While the ECB itself is no longer actively buying government bonds under its pandemic emergency purchase programme (PEPP) or the older asset purchase programme (APP), its influence still looms large.

“Foreign central banks often take their cues from the ECB’s tone,” said Marie Delacroix, a senior economist at Société Générale. “While the ECB has paused rate hikes for now, the overall message has been one of policy flexibility. That creates room for others to enter euro zone debt markets with a degree of confidence.”

Indeed, in its latest statement, the ECB emphasized it will maintain “favorable liquidity conditions” and continue reinvestments under PEPP until at least mid-2025.

Market Context: Safe-Haven Appeal Returns

After a turbulent 2024 marked by inflation spikes, energy shocks, and rate volatility, euro zone bonds are regaining their luster.
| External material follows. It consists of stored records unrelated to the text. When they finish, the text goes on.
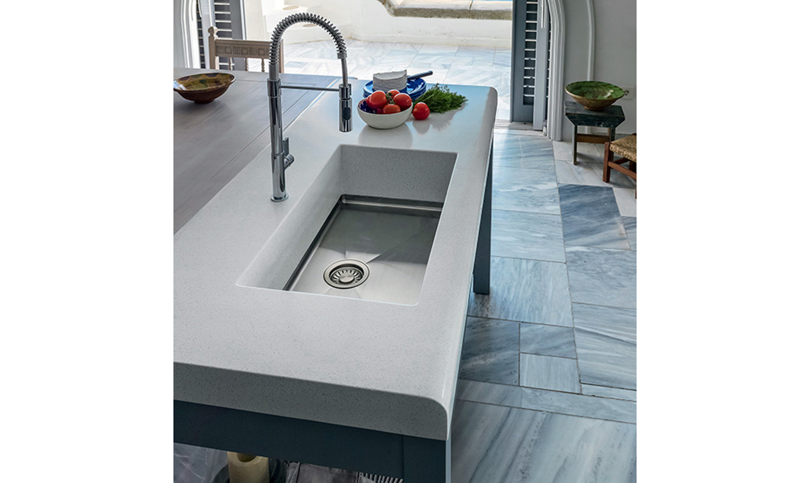 OKITE®: miscela a base di quarzo fino al 93% con resina poliestere e pigmenti naturali: il risultato è un materiale solido (5 volte più forte del marmo e del granito) dalla superficie non porosa, per questo igienica e sicura. Resiste a graffi, calore, tagli e macchie difficili, anche di sostanze acide. In lastre da cm 140x306, spessore da 1,3 a 3 cm [Okite].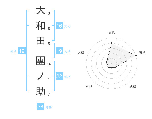 大和田 團ノ助さんを姓名の画数から五運を鑑定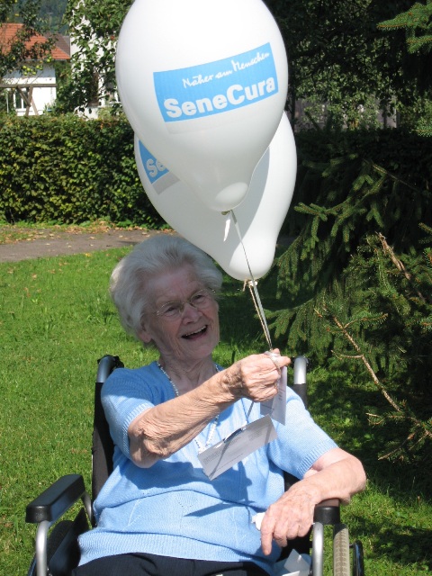 Bewohnerin Irma Tatschl freut sich auf das neue Heim und lässt ihre Wünsche in den Himmel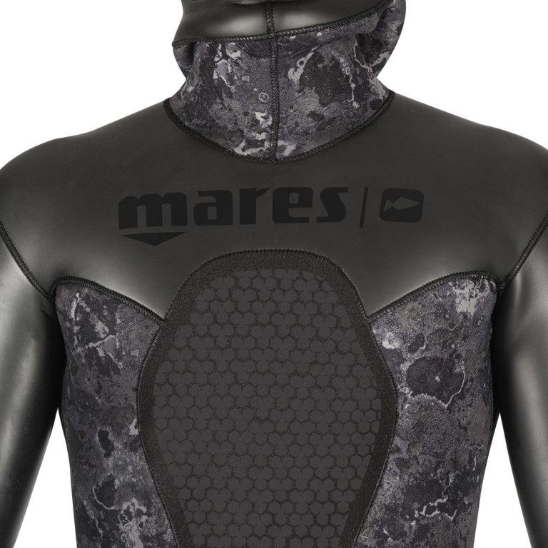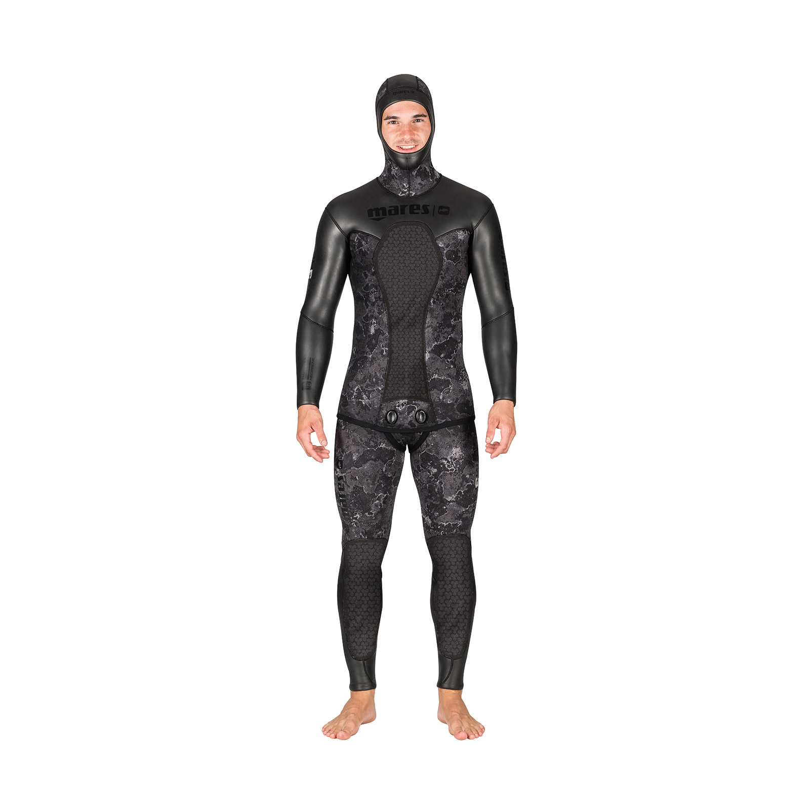 La muta mimetica nera di Mares M3erge è realizzata in un innovativo design a 3 materiali, in grado di offrire alta resistenza, elasticità, ed una vestibilità senza compromessi.
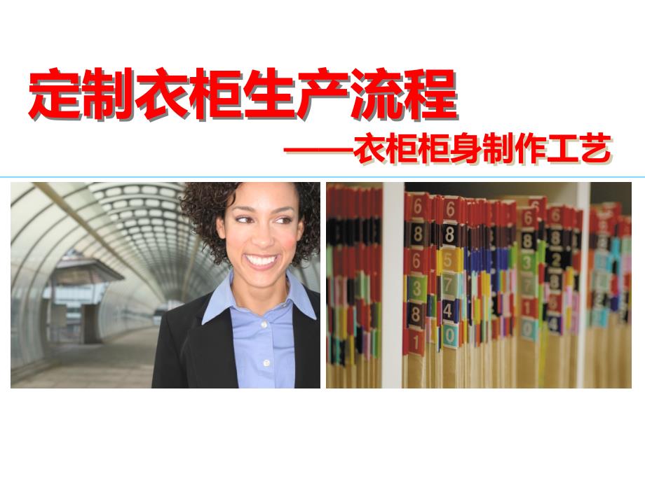 定制定制衣柜生产流程衣柜生产流程衣柜柜身制作工艺衣柜柜身制作工艺提纲:提纲:提纲:提纲:n 柜身板板材及颜色n 生产设备与流程柜身板材的基材柜身板材的基材n 实木颗粒板 柜体颜色(13种): 银湘玉、桂香莉、加州红、金花梨、美兰枫、苏香桐、苹果木、含珊玉、琥珀红、托斯卡纳印象、云轩木、艾丽丝、帕多瓦、n 中纤板 柜体颜色(5种):金花梨、百合木、苹 果木、白橡木、暖白n 夹板 柜体颜色(4种):加州红、苏香桐、金 花梨、银湘玉 夹板柜身板只能做18mm厚柜体板材的厚度及应用范围板材厚度板材厚度板材类型板材类型应用范围应用范围9mmE1级中纤板级中纤板趟门门板趟门门板背板背板格子架格子架底板底板12mmE1级中纤板级中纤板抽屉围板抽屉围板格子架围板格子架围板裤架围板裤架围板18mmE1级刨花板级刨花板/中纤板中纤板衣柜、书柜柜体衣柜、书柜柜体平开平开门门板门门板层板层板抽屉面板抽屉面板25mmE1级刨花板级刨花板/中纤板中纤板衣柜、书柜柜体衣柜、书柜柜体书台书台台面台面框架式衣柜层板框架式衣柜层板三、生产设备与流程三、生产设备与流程 每单板件引入识别条码识别条码,每个板件都具备一个唯一的身份证,里面储备有它的订单号、交货期、加工信息、产品信息等资料 有效的解决了漏单和错加工问题,并有效的对订单每个板件的加工进度进行监控。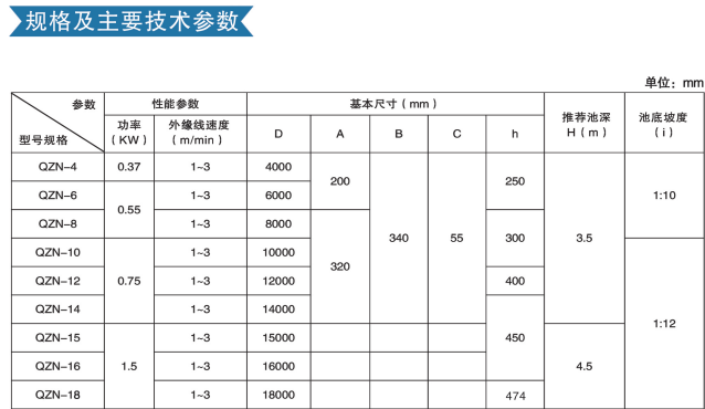 QZN型轻型中心传动浓缩机采用蜗杆传动(D>16m采用中心回转齿轮),刮泥臂上设有纵向搅拌栅条,刮臂旋转时栅条起搅拌作用,加速活性污泥的下沉,刮泥板外缘线速度≤3m/min,整个刮泥机构可以手动调节.上下高度+50mm。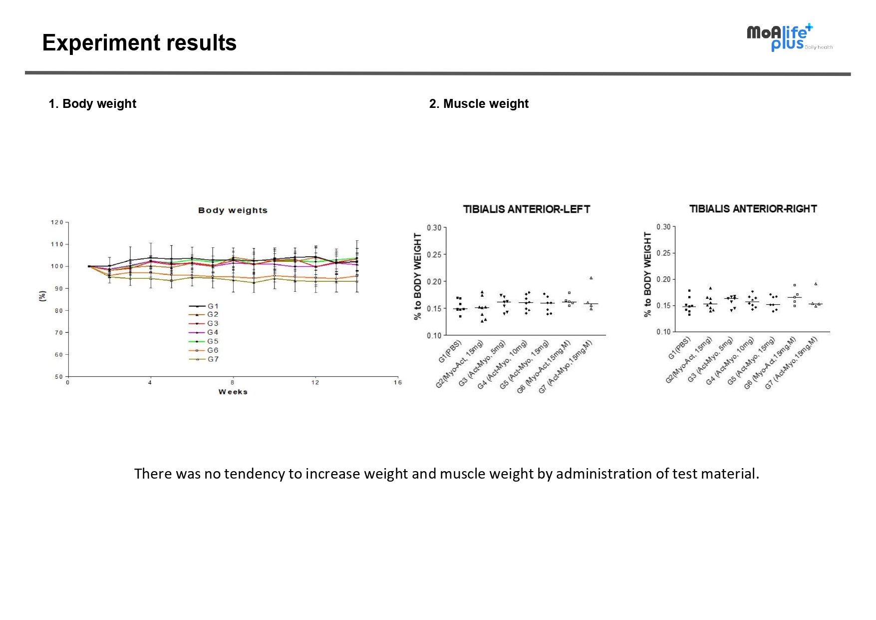 Ex perimen t resul ts 1. Body weight 2. Muscle weight There was no tendency to increase weight and muscle weight by administration of test material.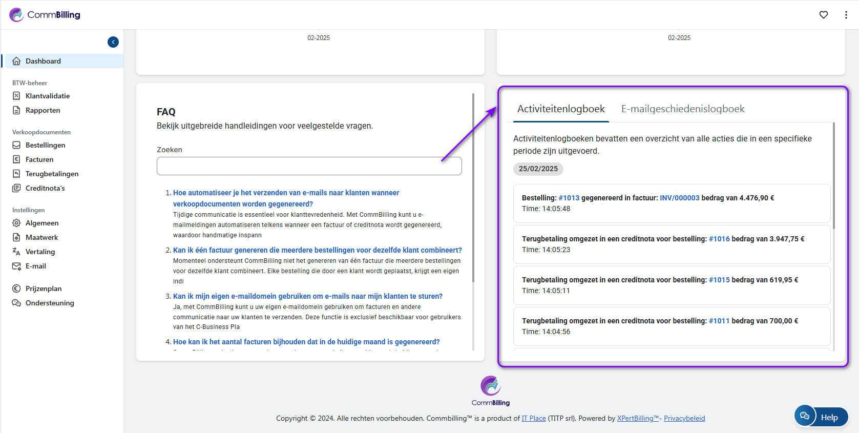 Het activiteitenlogboek bijhouden in CommBilling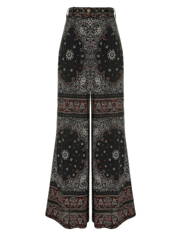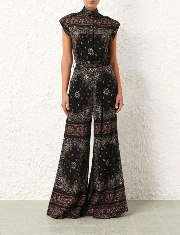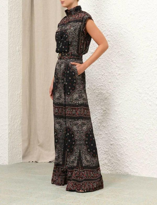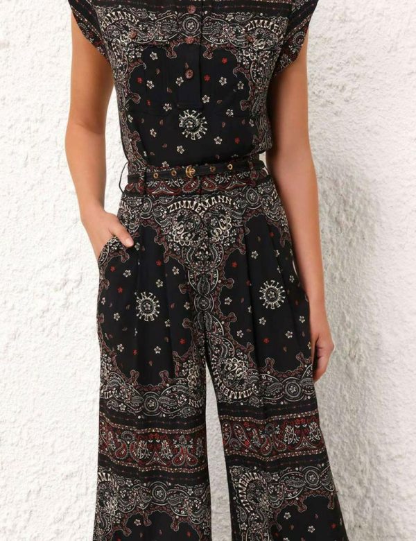 The Double Tuck Pant in Black Bandana from our Resort 2024 Collection, Matchmaker. A wide leg pant featuring side seam pockets and a self cover belt.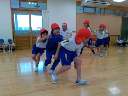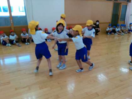 体育科「遊園地へゴー」の学習では、遊園地の乗り物になりきってつくった表現を発表しました。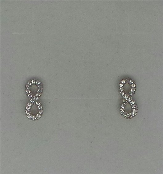 Orecchini a lobo in argento 925 con pendente a forma di Infinito con Cubic Zirconia di colore bianco. Misura pendente 1x0,5 cm. Made in Italy. Collezione Flair.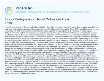 Fyodor Dostoyevsky's Internal Motivations For A Crime. (2024, Apr 22). Retrieved from https://hub.papersowl.com/examples/fyodor-dostoyevskys-internal-motivations-for-a-crime/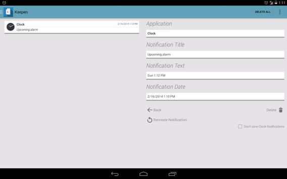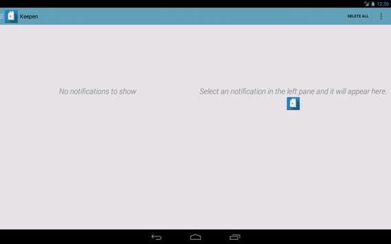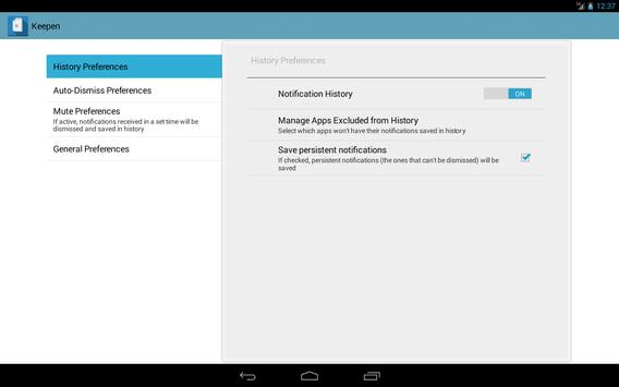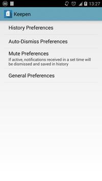 Keepen saves your notifications so you can see them later, even if you have dismissed them! Also, you can select apps in your device and when they send a notification, Keepen will automatically dismiss and save the notification in the "Dismissed Notifications" list!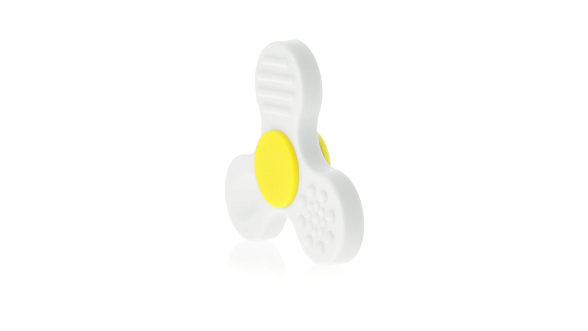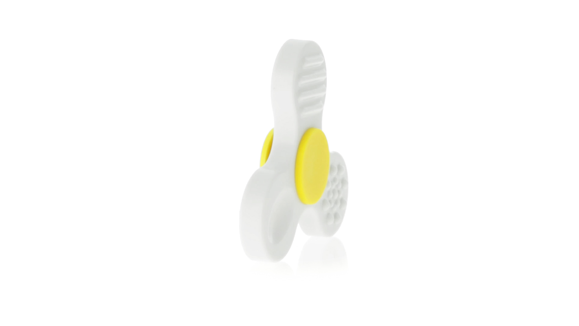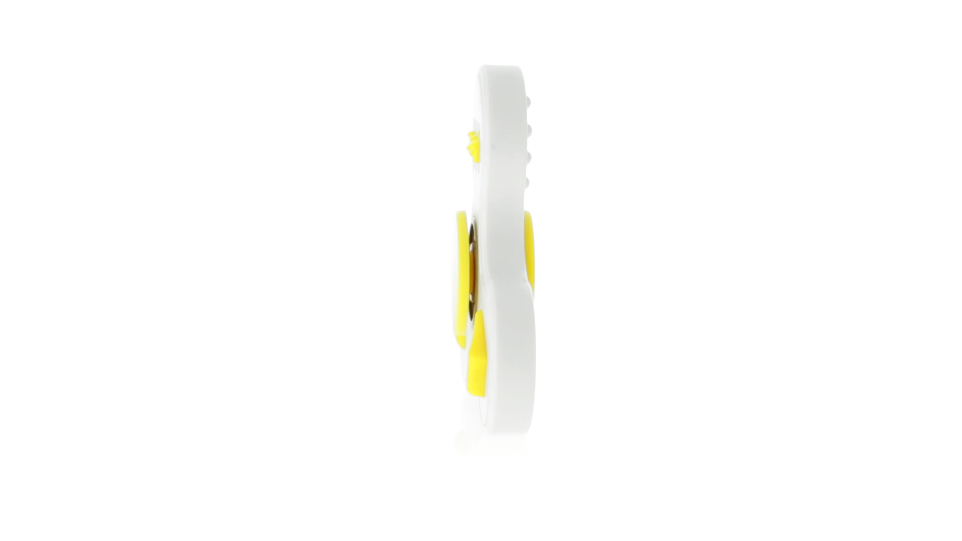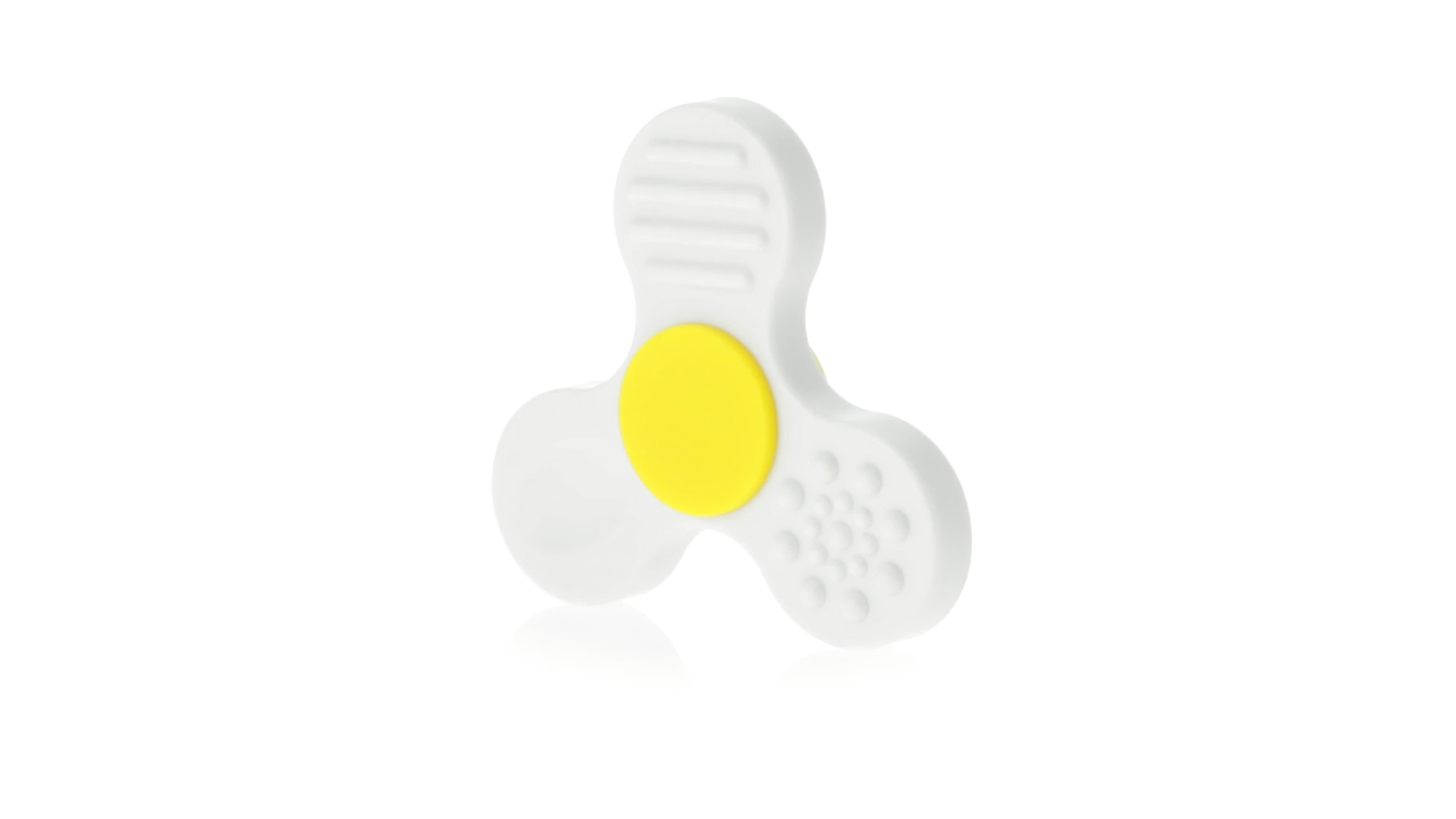 Fidget-Spinner mit vielen verschiedenen Knöpfen zur Entspannung. Gehäuse in Weiss mit Kontrastdetails in verschiedenen kräftigen Farben.

Germany’s 10-year yield has dropped from highs of 3.4% in late 2024 to around 2.8% in mid-July 2025. Meanwhile, spreads between peripheral and core bonds have narrowed, suggesting investor confidence in euro zone cohesion is improving.

“The stabilization of yields makes euro bonds a more predictable component in diversified reserves,” said Natalia Petrova, head of reserve management at the Bank of Kazakhstan, which recently increased its euro bond holdings by 8%.

The safe-haven narrative is also being reinforced by rising uncertainties in the U.S. and Asia. The upcoming U.S. presidential election, coupled with tensions in the South China Sea, is prompting global reserve managers to recalibrate portfolios toward European debt.

Implications for Euro Zone Governments

For euro zone treasuries, central bank buying provides a welcome buffer. As many nations face rising debt servicing costs, strong auction results help lower borrowing rates and reduce market pressure.

“The increased demand from central banks is a tailwind for fiscal planning,” noted Anja Müller, debt strategist at DZ Bank. “Governments can lock in funding at lower rates, while private investors benefit from tighter spreads and reduced volatility.”

However, there are warnings too. Analysts caution that if central bank buying proves transitory or politically driven, the stability could be short-lived.

“While the current trend is positive, it’s crucial to assess whether this is strategic positioning or a temporary shelter,” said Weil.

Investor Outlook: Strategic Opportunities Amid Shifting Winds

Looking ahead, market participants expect euro zone bonds to remain well-supported, especially if the ECB holds rates steady and inflation continues to trend lower.

“Investment-grade euro government bonds are becoming a core allocation again,” said Delacroix. “The combination of political stability, a clear monetary policy outlook, and decent real yields makes them attractive.”

Private fund managers and pension funds are also increasing allocations, especially in the 5–10 year maturity range. ESG-compliant sovereign bonds, such as green Bunds and OATs, have seen notable inflows, aided by strong interest from Scandinavian and Gulf central banks.

Final Takeaway

Central banks ramping up their buying of euro zone bonds highlights a shift in the global reserve management playbook. Amid global volatility and a cautiously dovish ECB, sovereign euro debt is once again in favor. While questions remain about the sustainability of this trend, for now, the euro zone's bond market is enjoying a rare moment of calm—and credibility.